Recycling Plastic Shopping Bags


Febrary 28, 2015

Or, how to get rid of all those stupid bags without
sending them to the dump

Within the last few years the supermarkets within the City of Albany have been undergoing a great deal of turbulence, what with the arrival of a new grocery chain not too long ago and the current, almost frantic remodeling of one of the oldest and most established supermarkets. For most of the past 50 years we’ve seen grocery outlets, particularly the ones located downtown, close or pack up and move to the suburbs. But that trend has reversed itself, it appears that the big chains in particular are scrambling to catch the steadily increasing food dollars of the City of Albany consumer.

This is clearly a good sign, a positive indication of the City of Albany’s rising population and increasing economic vitality. The big supermarket chains are quite savvy about such things, their continued success depends upon guessing where the consumer money is located before their rivals do. And like retailers are fond of saying, location is everything. If the supermarket chains want to locate in Albany, they must have decided that Albany is the right place to make a profit.

Empty White Shelves At The Delaware Avenue Price Chopper Ready To Be Removed Empty White Shelves At The Delaware Avenue Price Chopper Ready To Be Removed

So on a recent Saturday afternoon I drove around visiting supermarkets near downtown Albany during a light snowfall. My purpose was to look for plastic shopping bag recycling bins, to see which supermarkets had them and which did not. Also I was interested in how the supermarkets treated those bins, did they put them in accessible places, and perhaps find out if the supermarkets really did recycle plastic bags. Or did they just dump the barrels into the general trash destined for the Rapp Road “Landfill,” which is located in the Pine Bush in western Albany?

This is a matter of deep concern for me, I try to send as little household trash as possible to the dump. Every Sunday evening (the designated trash pickup day for our neighborhood) I put out on the curb in front of my house two blue recycling boxes which are usually full or mostly full of cans, bottles, papers and such. This is the bulk of our weekly waste, I’m proud of being able to do that.

Empty White Shelves At The Delaware Avenue Price Chopper Ready To Be Removed Our Backyard Mulch Pile With Snow And Recent Additions

Sometime in the last decade I decided to start a mulch pile in our little backyard. This is nothing fancy, just a pile of household organic waste. By dumping banana peels and carrot shavings and those ghastly science projects sitting in the back of the refrigerator onto my pile, we’ve cut the amount of non-recyclable waste that we put on the curb by more than half. And hey, the squirrels gotta eat too, although they seem to prefer the neighborhood garbage cans to my pile.

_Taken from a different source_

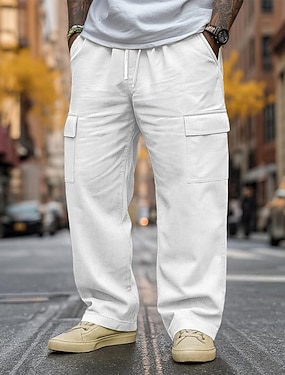 Herren Leinenhosen Hose Sommerhose Mehrere Taschen Gerader Schnitt Einfach Komfort Atmungsaktiv Volle Länge Outdoor Täglich Ausgehen Mode Streetwear Schwarz Weiß

As a result of this casual mulching, on Sunday night I normally put out only one very light partially filled garbage bag destined to be added to The Dump. It’s that bag which bothers me. It’s a bag mostly full of plastic shopping bags, wrappers and other filmy containers that are meant to be used exactly once but that the City will not take as recycling.

The Monday after my weekend tour of the supermarkets I asked Frank Zeoli, the Director of the City of Albany Department of General Services, why not. He assured me the City declined to pick up shopping bags not, as I have often heard, because the bags are too light and therefore unprofitable for the City’s recycling contractor, an outfit called Sierra Processing, to bother with. He explained:

The reason that we do not accept plastic bags is that the Single Stream Material Recovery Facility where we take our recyclables does not accept them. The plastic bags get wrapped around the various parts of their sorting equipment and cost them significant time and money to clear them away.